=== What is needed ===
Omitting every picture, copy the lines from the one that contains "My mom and dad" through the last line of the records below, exactly and with nothing added.

(Beginning of Available data)

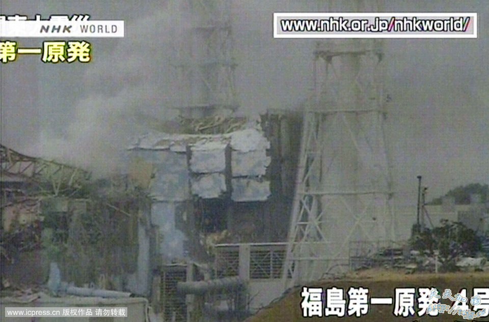 当地时间2011年3月16日,日本NHK电视画面,起火受损的福岛第一核电站4号反应堆。
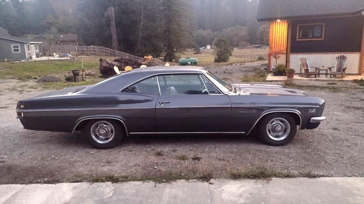 My mom and dad ordered a new 1966 base Impala with the 325 hp 396 and a Turbo 400 automatic. AM radio, two-tone paint – a black painted roof over silver, black vinyl bench seat interior, single exhaust, wheel covers.
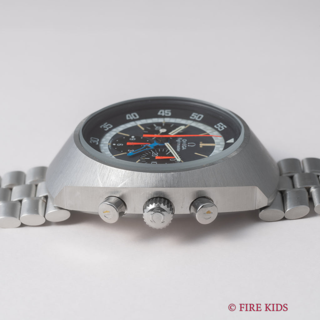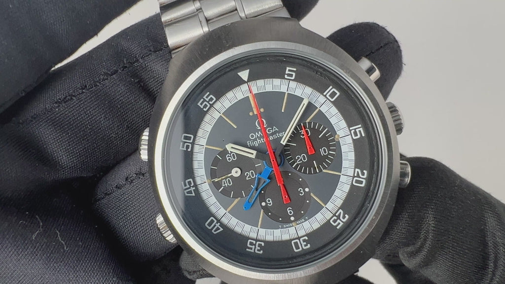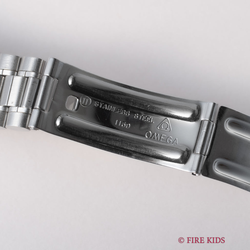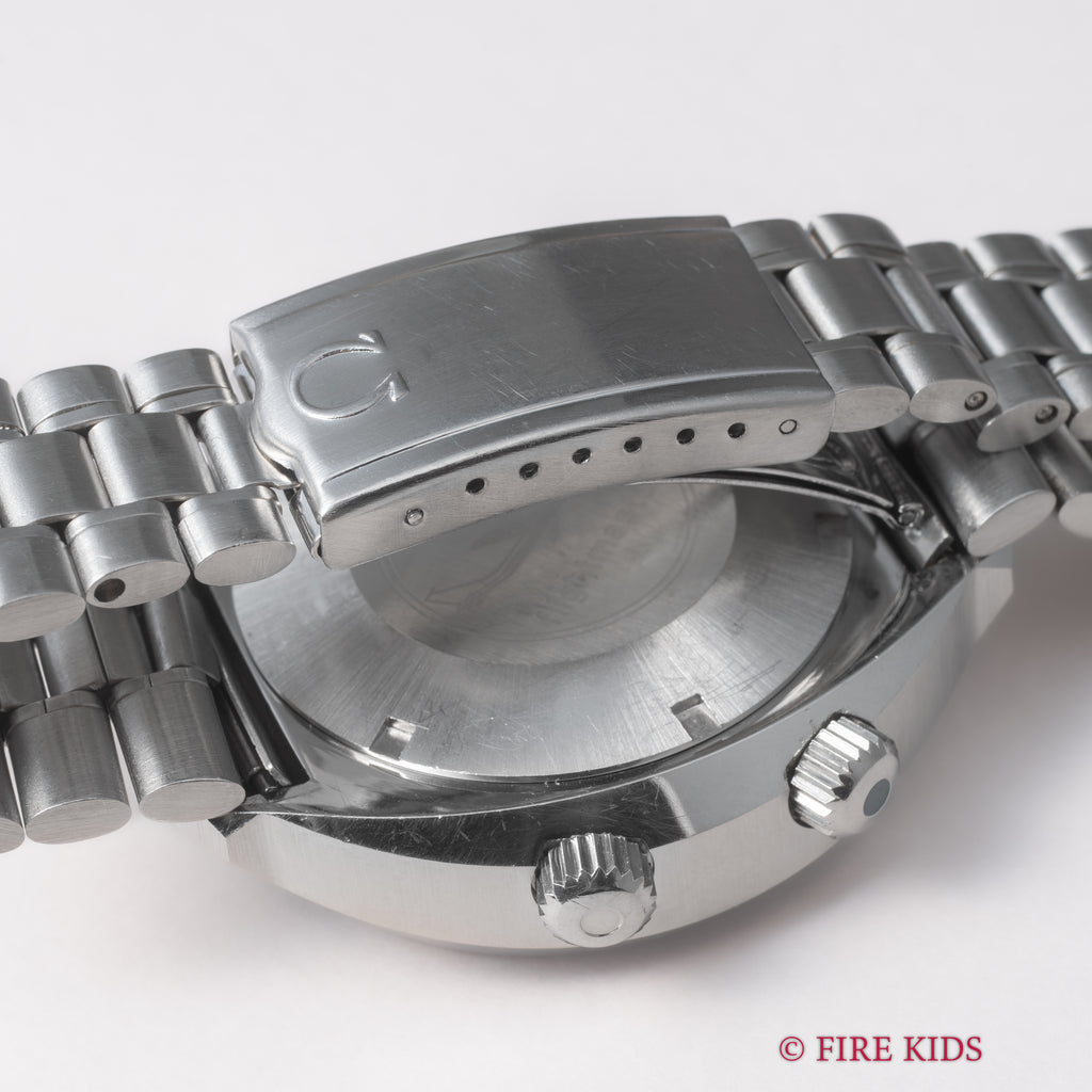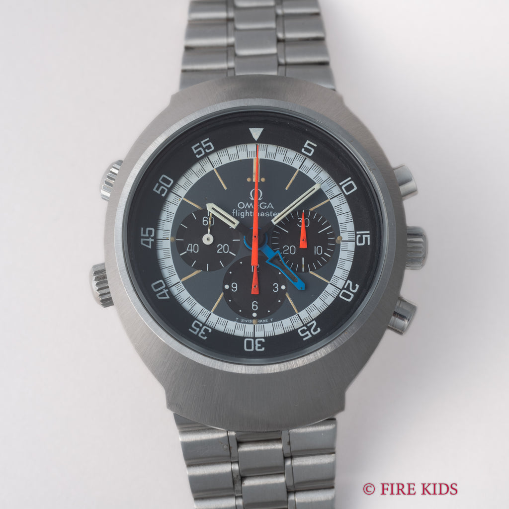オメガ フライトマスター 後期型 1972年製 Ref.145.026 手巻クロノグラフ Cal.911 オレンジ針 純正ブレスの入荷になります。ケースが前期型より分厚くなった後期型です。オレンジのクロノ針で如何にも1970年代といった雰囲気のパイロットウォッチです。クロノグラフとGMTが合わさった多機能モデルで3時位置に30分積算計、6時位置に12時間計、9時位置に秒針を配置したクロノグラフに、8時半位置のリュウズでインナーベゼルの調整、10時位置のリュウズはGMT針を調整することができます。ムーブメントはスピードマスターのCal.861に付加機能を追加したCal.911を搭載。ケースやブレスは小傷はあるものの申し分なく良いコンディションで、インダイヤルはブラウンに変化しています。このようなコンディションの良さと経年変化を同時に感じることが出来る個体は多くありません。ベルトは純正ステンレスベルト(1159/FF155)が取り付けてあります。手巻きや針回しの操作はスムースです。こちらの時計は分解掃除済みです。
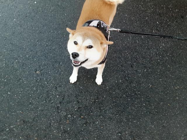 午後4時半、走りに行こうと玄関を出ると、ドンピシャゆずちゃん。
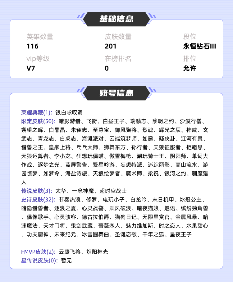 【V7 200皮】银白永叹凋✸五神兽✸太华✸超时空战士✸辉光之辰✸御风骁将✸开挂追责
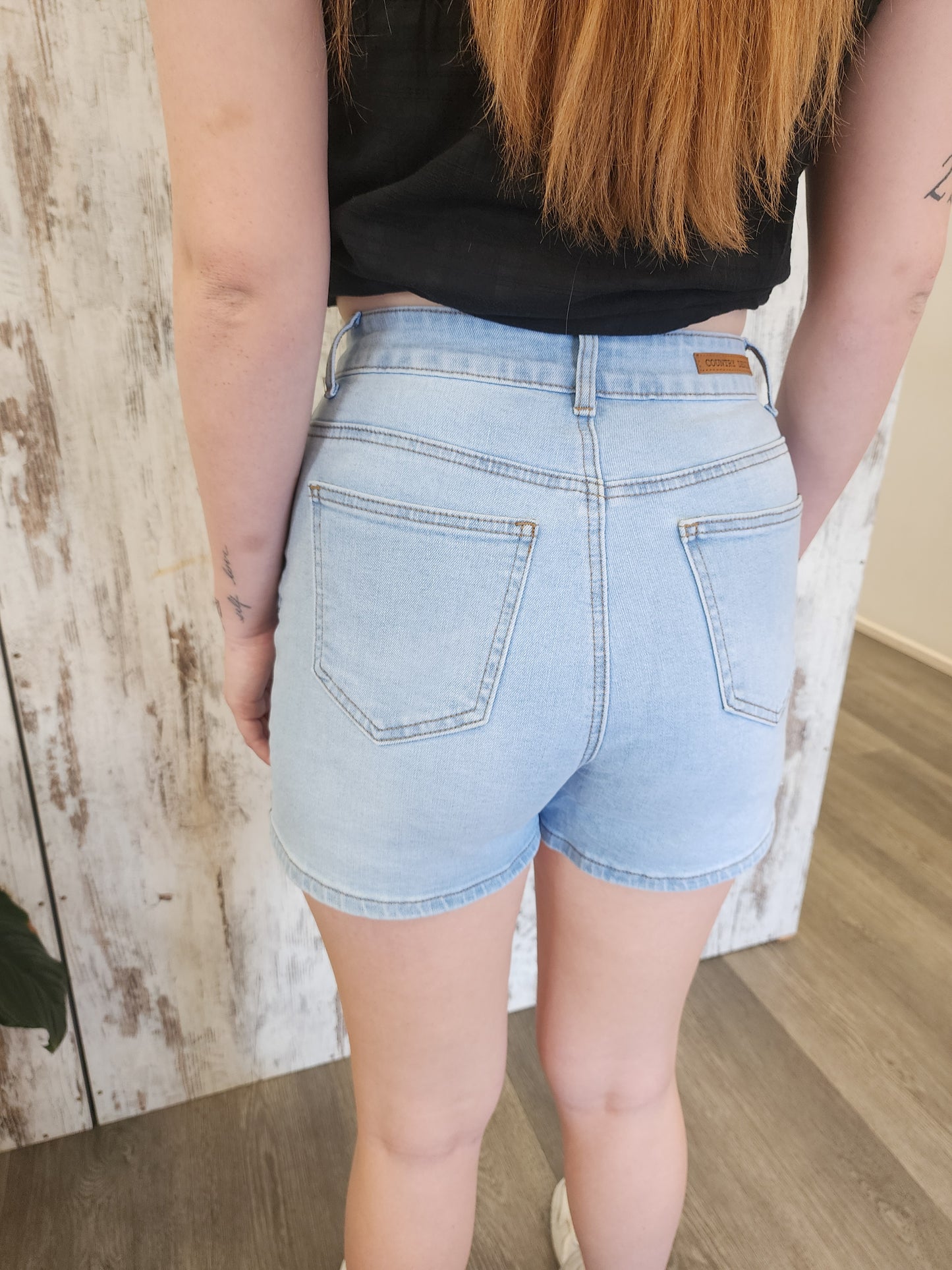 Country Denim Lilly High Rise Stretch Shorts - Light Blue

(End of Available data)

=== Expected answer ===
 My mom and dad ordered a new 1966 base Impala with the 325 hp 396 and a Turbo 400 automatic. AM radio, two-tone paint – a black painted roof over silver, black vinyl bench seat interior, single exhaust, wheel covers.
オメガ フライトマスター 後期型 1972年製 Ref.145.026 手巻クロノグラフ Cal.911 オレンジ針 純正ブレスの入荷になります。ケースが前期型より分厚くなった後期型です。オレンジのクロノ針で如何にも1970年代といった雰囲気のパイロットウォッチです。クロノグラフとGMTが合わさった多機能モデルで3時位置に30分積算計、6時位置に12時間計、9時位置に秒針を配置したクロノグラフに、8時半位置のリュウズでインナーベゼルの調整、10時位置のリュウズはGMT針を調整することができます。ムーブメントはスピードマスターのCal.861に付加機能を追加したCal.911を搭載。ケースやブレスは小傷はあるものの申し分なく良いコンディションで、インダイヤルはブラウンに変化しています。このようなコンディションの良さと経年変化を同時に感じることが出来る個体は多くありません。ベルトは純正ステンレスベルト(1159/FF155)が取り付けてあります。手巻きや針回しの操作はスムースです。こちらの時計は分解掃除済みです。
 午後4時半、走りに行こうと玄関を出ると、ドンピシャゆずちゃん。
 【V7 200皮】银白永叹凋✸五神兽✸太华✸超时空战士✸辉光之辰✸御风骁将✸开挂追责
 Country Denim Lilly High Rise Stretch Shorts - Light Blue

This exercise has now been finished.